RECORDS PROVIDED>

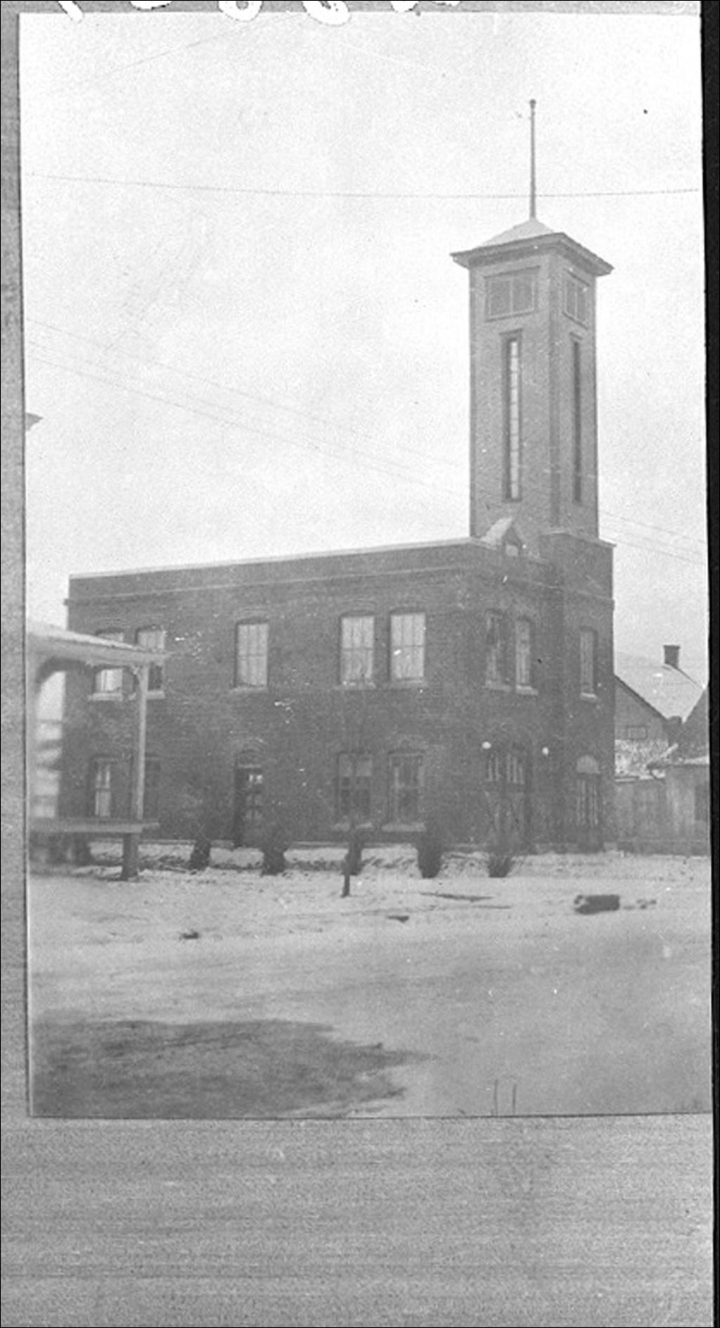 Poste de pompiers à Sainte-Madeleine, comté de Saint-Hyacinthe, 1945, Archives nationales à Québec, Fonds Ministère de la Culture et des Communications, (03Q,E6,S7,SS1,D2,P28634), Ernest Lavigne.
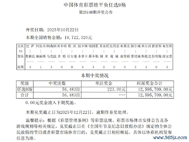 北京本领10月22日,赢输彩第25148期任九开奖效果揭晓。本期任九开出56483注,单注奖金223元。本期任九总投注额19,722,320元。
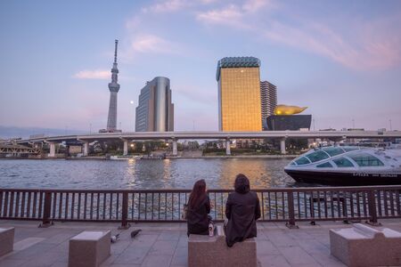 Tokyo, Japan - April 18, 2019 : View of Sumida River with Tokyo Skytree and The Asahi Beer building in Tokyo , Japan. Asakusa is a landmark of old town popular tourist spot.
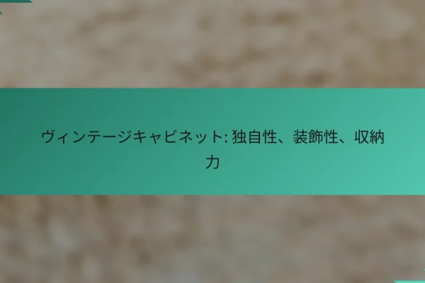 ヴィンテージキャビネットは、独特のデザインと歴史的背景を持つ収納家具で、個性を引き立てる要素が豊富です。装飾性と機能性を兼ね備えたこれらのキャビネットは、空間に独自の魅力を加え、さまざまなアイテムを整理するのに最適です。 ヴィンテージキャビネットの独自性とは何か? ヴィンテージキャビネットは、独特のデザインと歴史的背景を持つ収納家具であり、個性を引き立てる要素が満載です。これらのキャビネットは、装飾性と機能性を兼ね備え、空間に独自の魅力を加えます。 デザインの特徴とスタイル ヴィンテージキャビネットは、時代ごとのデザインスタイルを反映しています。例えば、アールデコやミッドセンチュリーのスタイルは、特有のラインや装飾が特徴です。 これらのキャビネットは、色彩や形状においても多様性があり、どんなインテリアにも調和しやすいです。選ぶスタイルによって、部屋の雰囲気を大きく変えることができます。 素材の選択とその影響 ヴィンテージキャビネットは、木材や金属、ガラスなど多様な素材で作られています。特に、無垢材を使用したキャビネットは耐久性が高く、長年にわたって使用できます。 素材によって、見た目や質感が異なるため、選択する際はインテリア全体との調和を考慮することが重要です。例えば、重厚感のあるオーク材は、クラシックな雰囲気を演出します。 歴史的背景と文化的意義 ヴィンテージキャビネットは、特定の時代や文化を反映した家具です。例えば、20世紀初頭のキャビネットは、当時の社会的背景や技術革新を示しています。 これらのキャビネットは、単なる収納家具以上の意味を持ち、歴史的な価値や文化的な意義を持つことが多いです。購入する際には、その背景を理解することで、より深い愛着が湧きます。 他の家具との違い ヴィンテージキャビネットは、一般的な現代家具とは異なり、独自のストーリーや個性を持っています。新しい家具は均一なデザインが多いですが、ヴィンテージキャビネットはそれぞれにユニークな特徴があります。 また、これらのキャビネットは、時に修復やリメイクが施されており、個々の歴史を持つことが魅力の一部です。これにより、他の家具と差別化され、特別な存在感を放ちます。 個性を引き立てるカスタマイズ ヴィンテージキャビネットは、カスタマイズが可能で、個性を引き立てる手段としても利用されます。例えば、塗装やハードウェアの変更により、全く異なる印象を与えることができます。 さらに、内部の収納スペースを調整することで、使い勝手を向上させることも可能です。自分のライフスタイルに合わせたカスタマイズを行うことで、より愛着の湧く家具になります。 ヴィンテージキャビネットの装飾性はどのように評価されるか? ヴィンテージキャビネットの装飾性は、そのデザイン、素材、仕上げによって評価されます。独特のスタイルや歴史的な背景が、インテリアに個性を加え、視覚的な魅力を高めます。 装飾的要素の種類 ヴィンテージキャビネットには、彫刻、金属の装飾、ガラスの挿入など、さまざまな装飾的要素があります。これらの要素は、キャビネットのスタイルを際立たせ、視覚的な興味を引きます。 例えば、アールデコスタイルのキャビネットは、幾何学的なデザインや光沢のある仕上げが特徴です。一方、カントリースタイルのキャビネットは、ナチュラルな木材とシンプルな装飾が魅力です。 色彩と仕上げの選択肢 色彩と仕上げは、ヴィンテージキャビネットの印象を大きく左右します。一般的には、深い色合いやアンティーク仕上げが好まれ、温かみのある雰囲気を演出します。 例えば、ダークブラウンやオリーブグリーンのキャビネットは、クラシックなインテリアに調和しやすいです。仕上げには、マット、グロス、またはワックス仕上げなどがあり、それぞれ異なる質感と視覚効果を持っています。 装飾スタイルのトレンド 近年、ヴィンテージキャビネットの装飾スタイルには、ミッドセンチュリーやボヘミアンスタイルが人気です。これらのスタイルは、独自のデザイン要素やカラーパレットを持ち、個性的な空間を作り出します。 また、リサイクルやアップサイクルのトレンドも影響を与えており、古いキャビネットを新しいスタイルに再生することが注目されています。 空間に与える視覚的影響 ヴィンテージキャビネットは、空間に独特のキャラクターを与え、他の家具とのコントラストを生み出します。特に、モダンなインテリアにヴィンテージの要素を加えることで、深みと興味を持たせることができます。 また、キャビネットの配置や色彩は、部屋の雰囲気を変える重要な要素です。明るい色のキャビネットは空間を広く見せ、暗い色は落ち着いた印象を与えます。 ヴィンテージキャビネットの収納力はどのくらいか? ヴィンテージキャビネットは、一般的に多様な収納力を持ち、さまざまなサイズや
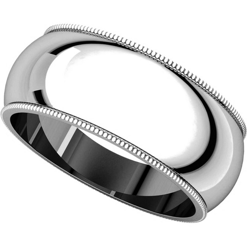 14K white gold, 8.0 mm wide, comfort fit, milgrain edge wedding band. The finish on the ring is polished. Other finishes may be selected or specified.
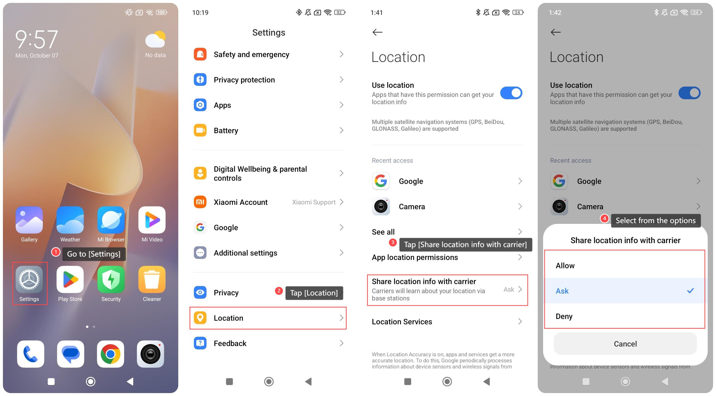 要允許運營商詢問您手機上的位置資訊,請參考以下步驟:
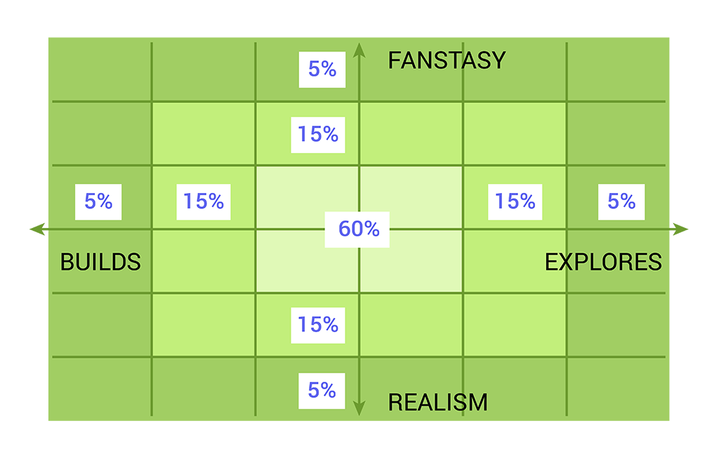 - Novelty can be scored on a Fantasy/Realism axis together with a Build/Explore axis.
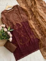 This semi-stitched heavy embroidery cotton top and bottom with chiffon dupatta Designed for ease and style, it comes semi-stitched so you can enjoy a ready-to-wear fit with minimal tailoring. Perfect for casual or festive occasions.
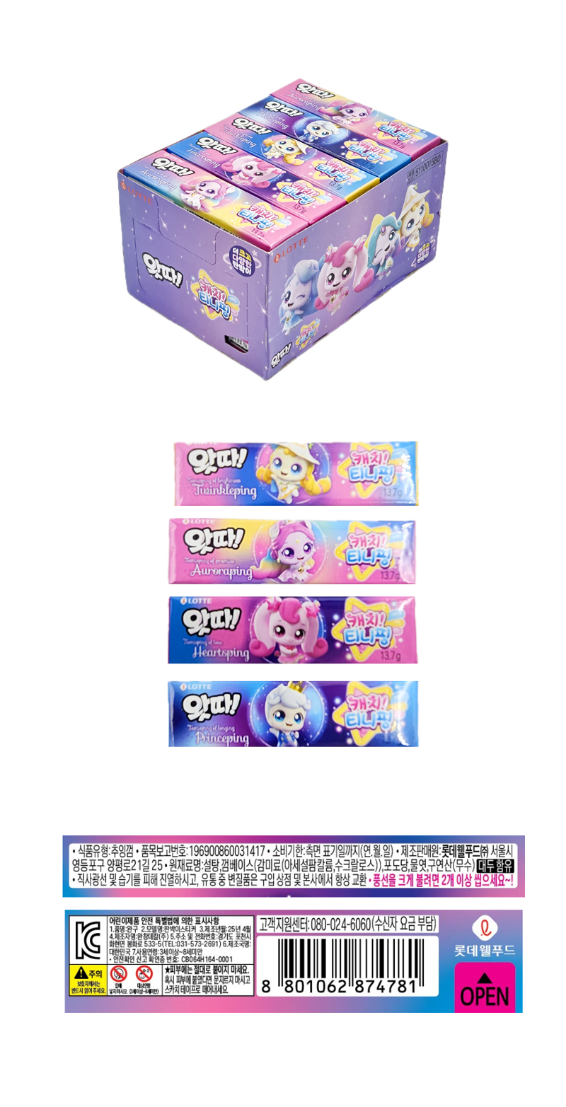 (600)롯데 왓따 판박이 캐치티니핑 / (타) 13.7g X 25개 [1박스9타]
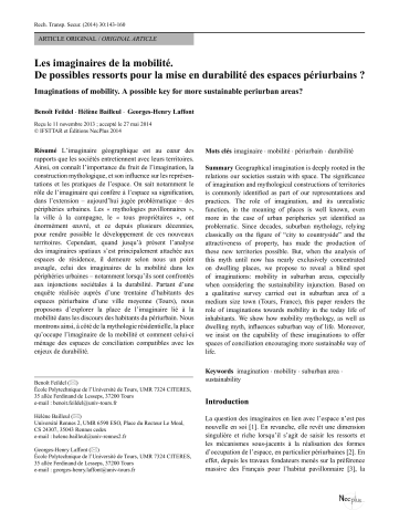 Benoît Feildel, Hélène Bailleul, Georges-Henry Laffont. Les imaginaires de la mobilité. De possibles ressorts pour la mise en durabilité des espaces périurbains ?. RTS - Recherche Transports Sécurité, IFSTTAR, 2014, Les sens des circulations, 2014 (02-03), pp.143-160. ⟨10.4074/S0761898014002064⟩. ⟨halshs-01084387⟩
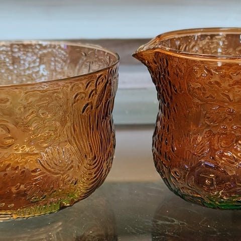 Nuutajärven valmistamat violetit neodyymilasiset sokerikko ja kermako.
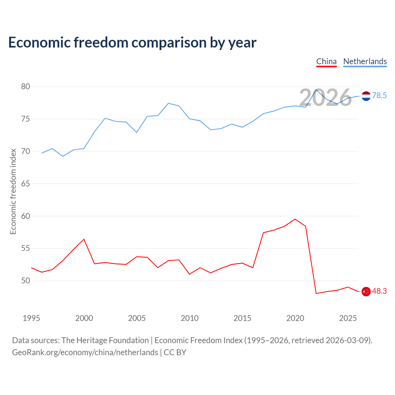 The Economic Freedom Index for China is 48.3, ranking 170/197, compared to 78.5 for the Netherlands, ranking 11/197. The chart above displays a comparison of annual changes in economic freedom indexes.
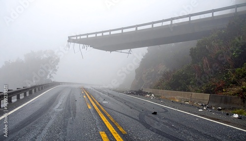 Fototapeta premium A fog-shrouded highway scene with a partially collapsed bridge, debris...
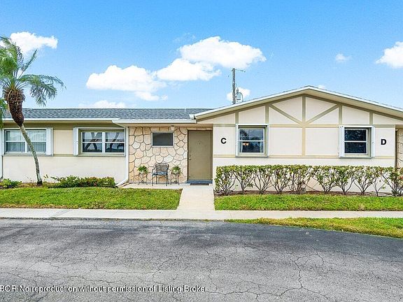Located in a 55+ community, Unit C has a New Roof 2024. New Gutters installed 2024. New Air Conditioner 2018. Sliding window units added to enclosed patio in 2019. Patio sliding doors additionally protected with hurricane accordion shutters. All appliances have been maintained through CAC appliance contract, which was renewed in October 2024. New owner able to utilize CAC contract through October 2025 if needed. No Assessments expected. Rental allowed after two (2) years of ownership of the unit. Carpets professionally cleaned and walls freshly painted. Close to pool, clubhouse and all activities!
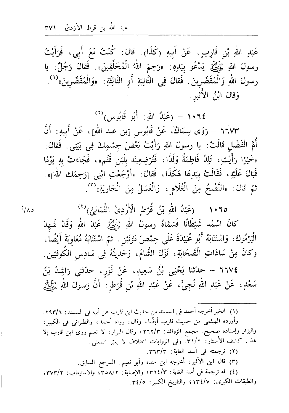 (¬3) له ترجمة فى أسد الغابة: 3/364؛ والإصابة: 2/358؛ والاستيعاب: 2/373؛ والطبقات الكبرى: 7/134؛ والتاريخ الكبير: 5/34.
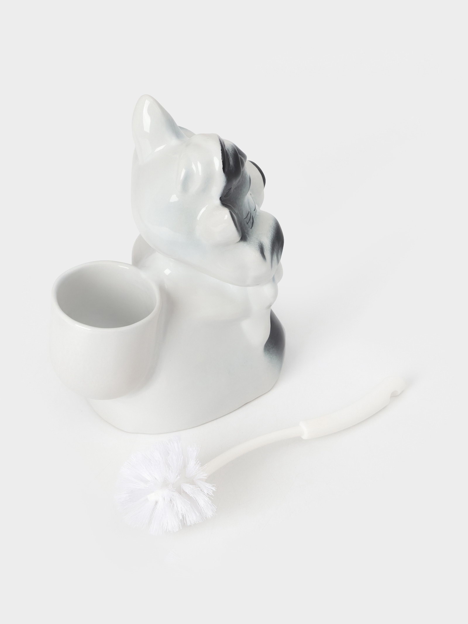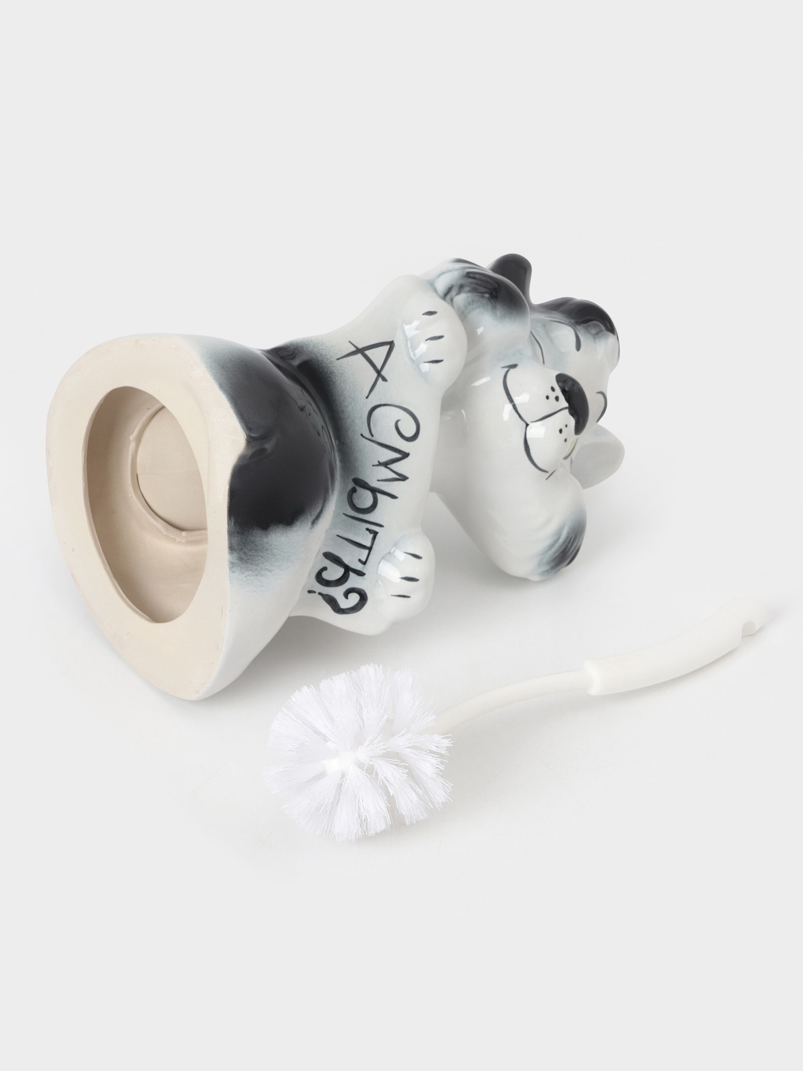 Ёршик для унитаза с подставкой "Кот-хулиган", фарфор, белый, Хорошие сувениры, Россия

ACTIVITY>
Within the listing above, write out the stretch from the line with "- Novelty can" through the line with "Nuutajärven valmistamat violetit" exactly. Any pictures are to be left out.

RESULT BELOW>
 - Novelty can be scored on a Fantasy/Realism axis together with a Build/Explore axis.
 This semi-stitched heavy embroidery cotton top and bottom with chiffon dupatta Designed for ease and style, it comes semi-stitched so you can enjoy a ready-to-wear fit with minimal tailoring. Perfect for casual or festive occasions.
 (600)롯데 왓따 판박이 캐치티니핑 / (타) 13.7g X 25개 [1박스9타]
 Benoît Feildel, Hélène Bailleul, Georges-Henry Laffont. Les imaginaires de la mobilité. De possibles ressorts pour la mise en durabilité des espaces périurbains ?. RTS - Recherche Transports Sécurité, IFSTTAR, 2014, Les sens des circulations, 2014 (02-03), pp.143-160. ⟨10.4074/S0761898014002064⟩. ⟨halshs-01084387⟩
 Nuutajärven valmistamat violetit neodyymilasiset sokerikko ja kermako.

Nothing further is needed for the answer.